*** Begin section ***

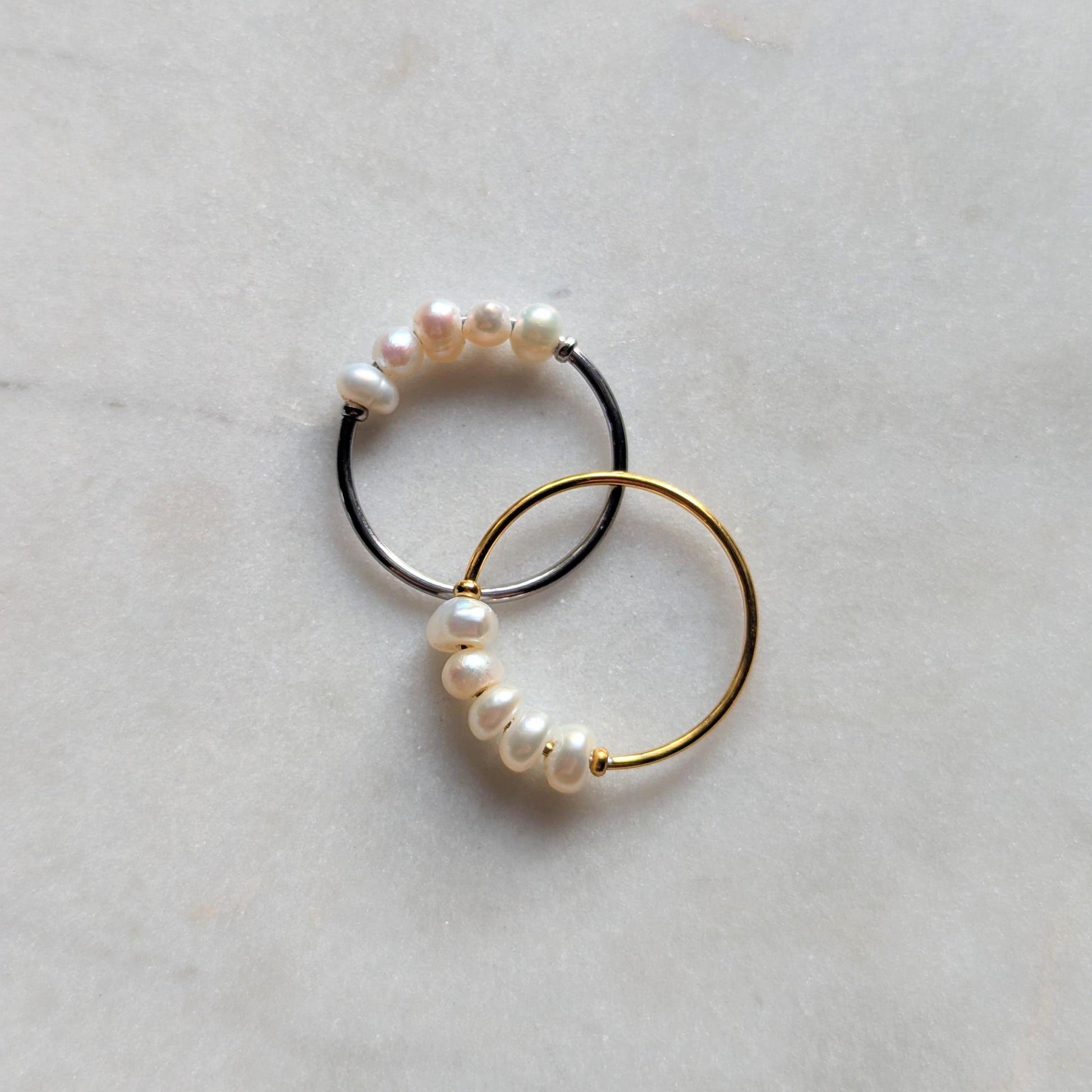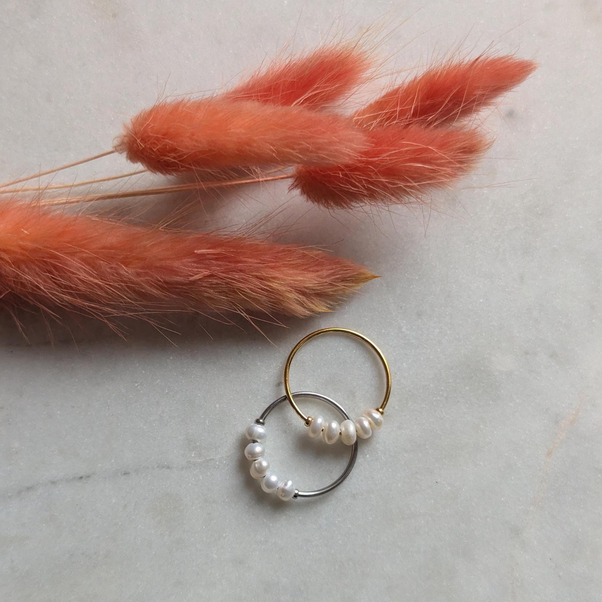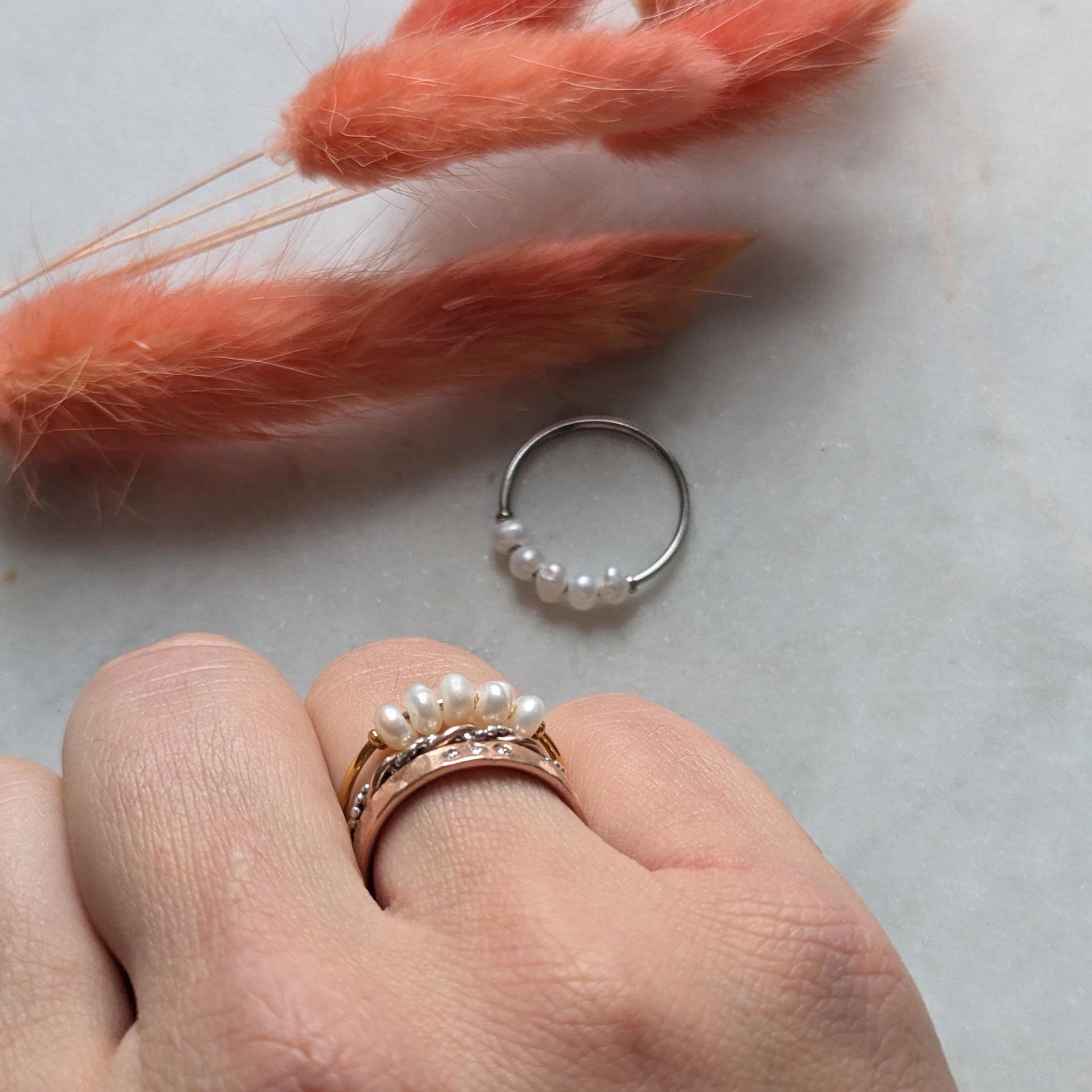 Perlenring "Sweetpea" – Edelstahl mit Süßwasserperlen
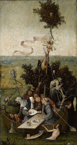 在画家的《愚人船》中,他将教士和修女安置在画面的核心位置,他们纵情欢歌,享用着水果美酒,丝毫不理会这艘孤舟将会何去何从。其余人物也都痴态尽显,各自肆意寻找快活。充当桅杆的,是一棵树,也许是神秘的树,知识的树,也是罪恶的树。一位愚人爬上树干,试图用刀把挂着的烧鸡拨下来。在树的顶端,有一只冷眼旁观的猫头鹰?;嫔铣涑庾拧熬乒砗枉吟阎健?,博斯的图像几乎是对勃兰特长诗的图解。
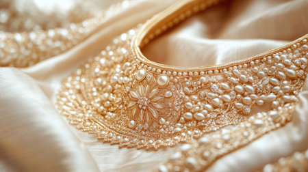 Close-up view of intricate golden embroidery featuring pearls on luxurious silk fabric. The detailed design showcases exquisite craftsmanship and elegance, perfect for fashion and decor.
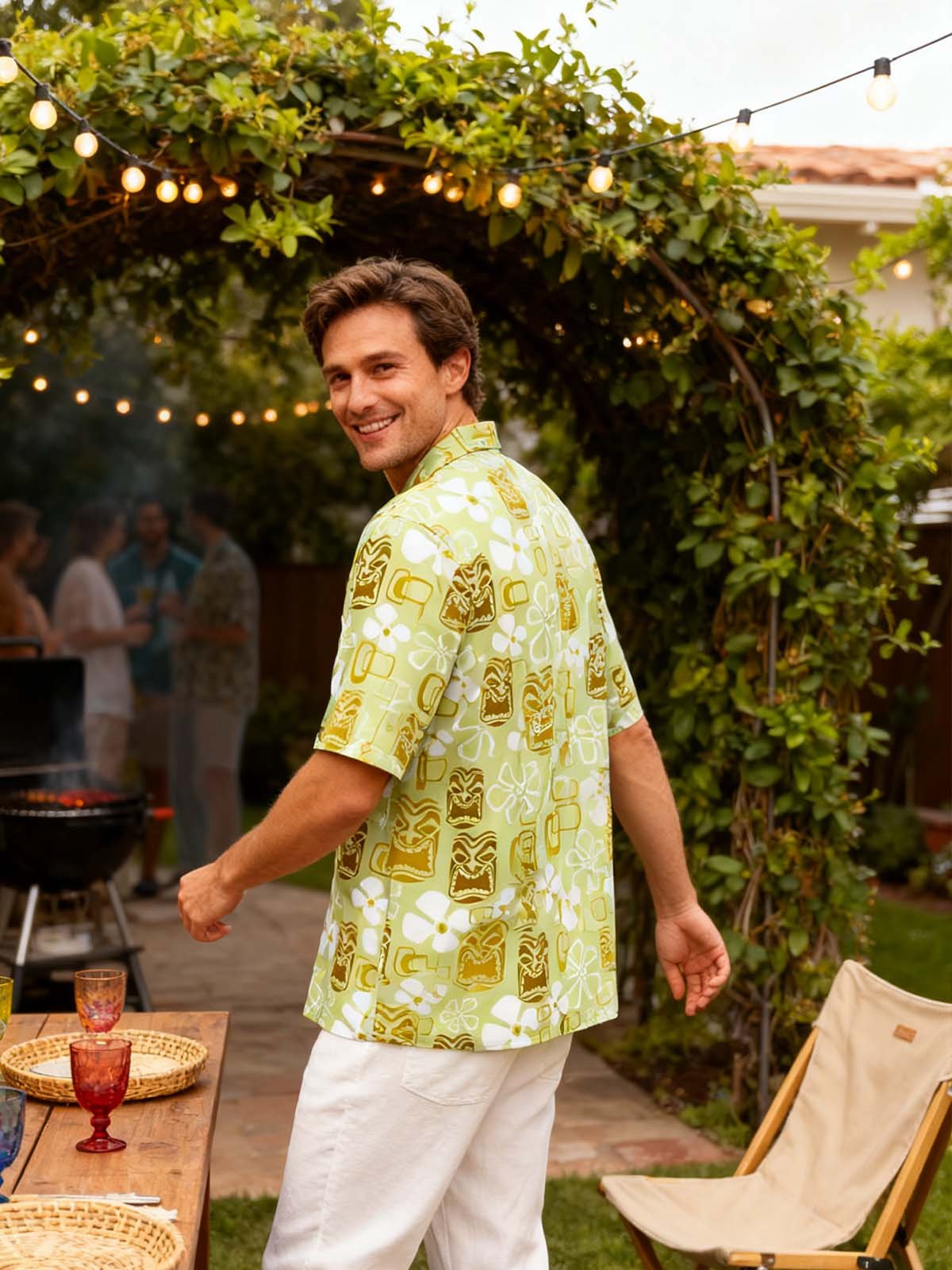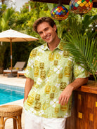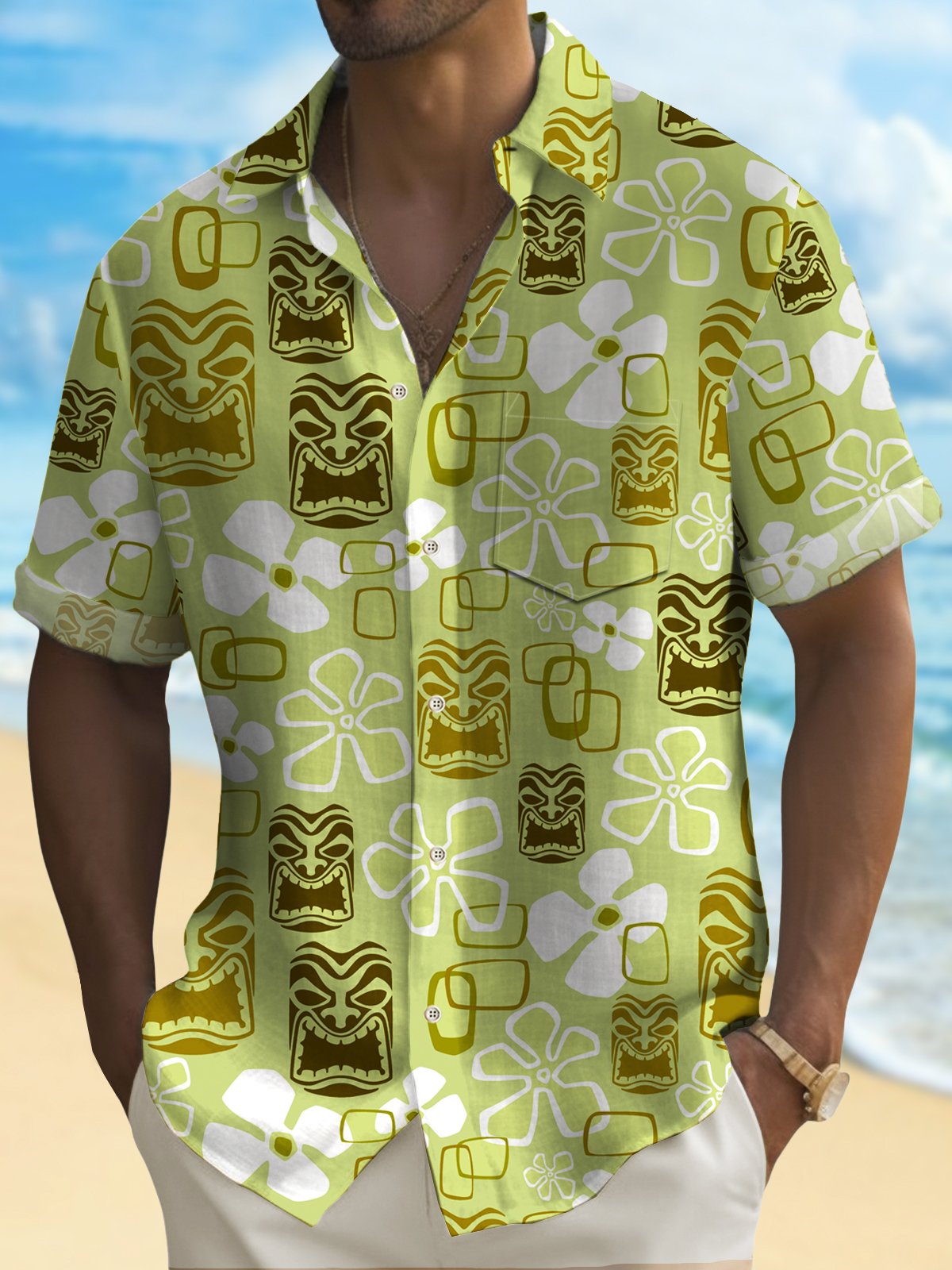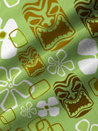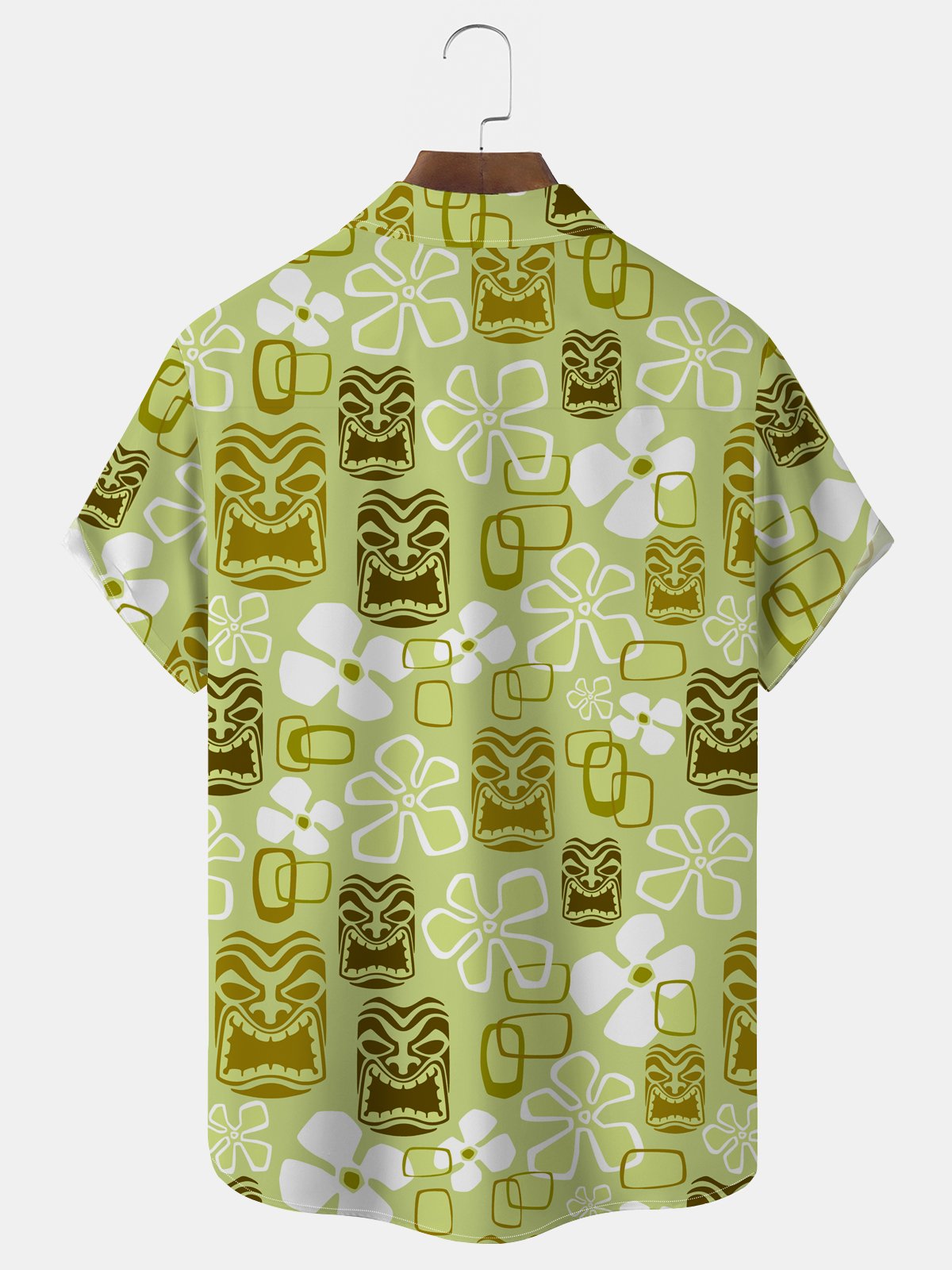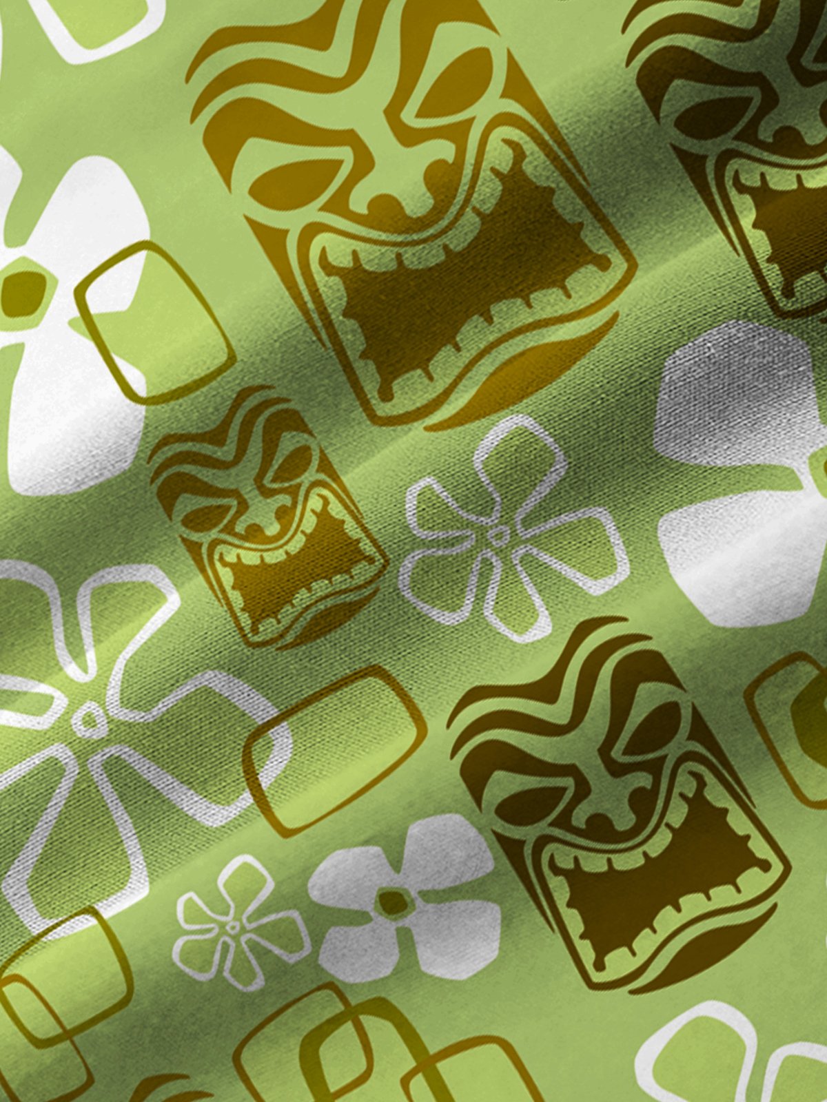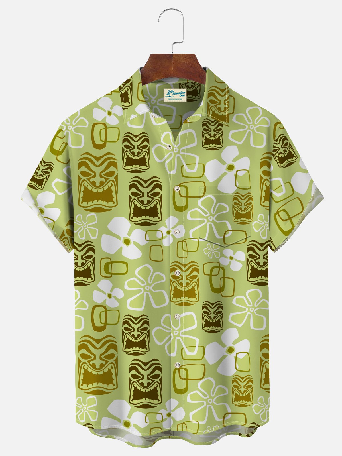 Alohadaddy Vintage Holiday Tiki Art Green Men's Hawaiian Shirts Stretch Aloha Camp Pocket Shirts
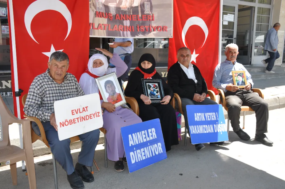 Çocuklarının PKK tarafından dağa kaçırılmasından DEM Parti’yi sorumlu tutan Muşlu aileler, DEM Parti İl Başkanlığı önünde sürdürdükleri evlat nöbetinde 200 haftayı geride bıraktı. Ellerinde çocuklarının fotoğraflarıyla bekleyen aileler, “Teslim olun, evinize dönün” çağrısını yineledi.
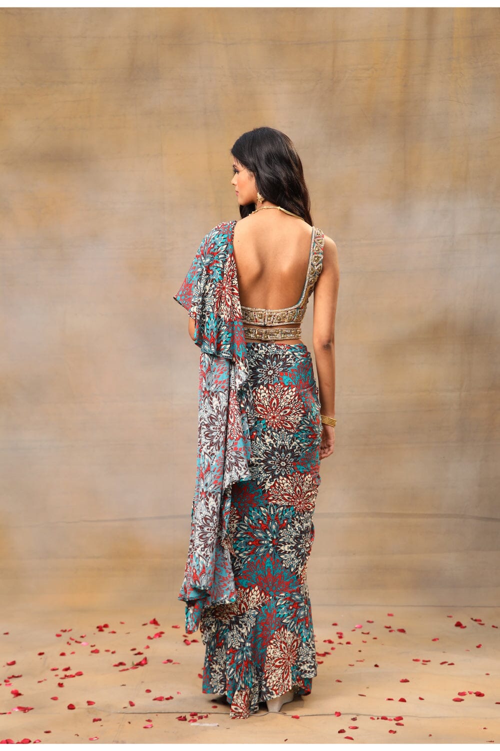 ¡Pasa a ser el centro de atención con nuestro impresionante conjunto de Choli con estampado floral verde y sari con volantes! Abrace el glamour de Bollywood con este conjunto atrevido y hermoso, perfecto para festividades de boda. El llamativo cinturón bordado ciñe tu cintura, creando una silueta dramática que es a la vez divertida y fabulosa. Prepárate para robar el espectáculo y hacer que cada momento sea memorable con este conjunto verdaderamente fascinante.
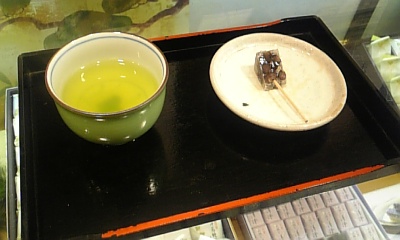お年賀選びの最中に振る舞われたお菓子とお茶。
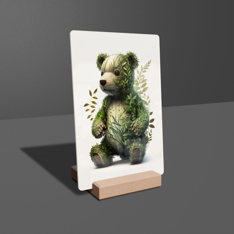Na produktovém fotu vyobrazena nejoblíbenější varianta akrylového skla 14x21/21x14cm a dřevěný stojánek 10x10cm.

*** End section ***

Exercise directions
Write out the lines of the material from the one containing "Close-up view of" through the last, exactly and only those. Leave every picture out.

Task output
 Close-up view of intricate golden embroidery featuring pearls on luxurious silk fabric. The detailed design showcases exquisite craftsmanship and elegance, perfect for fashion and decor.
 Alohadaddy Vintage Holiday Tiki Art Green Men's Hawaiian Shirts Stretch Aloha Camp Pocket Shirts
 Çocuklarının PKK tarafından dağa kaçırılmasından DEM Parti’yi sorumlu tutan Muşlu aileler, DEM Parti İl Başkanlığı önünde sürdürdükleri evlat nöbetinde 200 haftayı geride bıraktı. Ellerinde çocuklarının fotoğraflarıyla bekleyen aileler, “Teslim olun, evinize dönün” çağrısını yineledi.
 ¡Pasa a ser el centro de atención con nuestro impresionante conjunto de Choli con estampado floral verde y sari con volantes! Abrace el glamour de Bollywood con este conjunto atrevido y hermoso, perfecto para festividades de boda. El llamativo cinturón bordado ciñe tu cintura, creando una silueta dramática que es a la vez divertida y fabulosa. Prepárate para robar el espectáculo y hacer que cada momento sea memorable con este conjunto verdaderamente fascinante.
お年賀選びの最中に振る舞われたお菓子とお茶。
Na produktovém fotu vyobrazena nejoblíbenější varianta akrylového skla 14x21/21x14cm a dřevěný stojánek 10x10cm.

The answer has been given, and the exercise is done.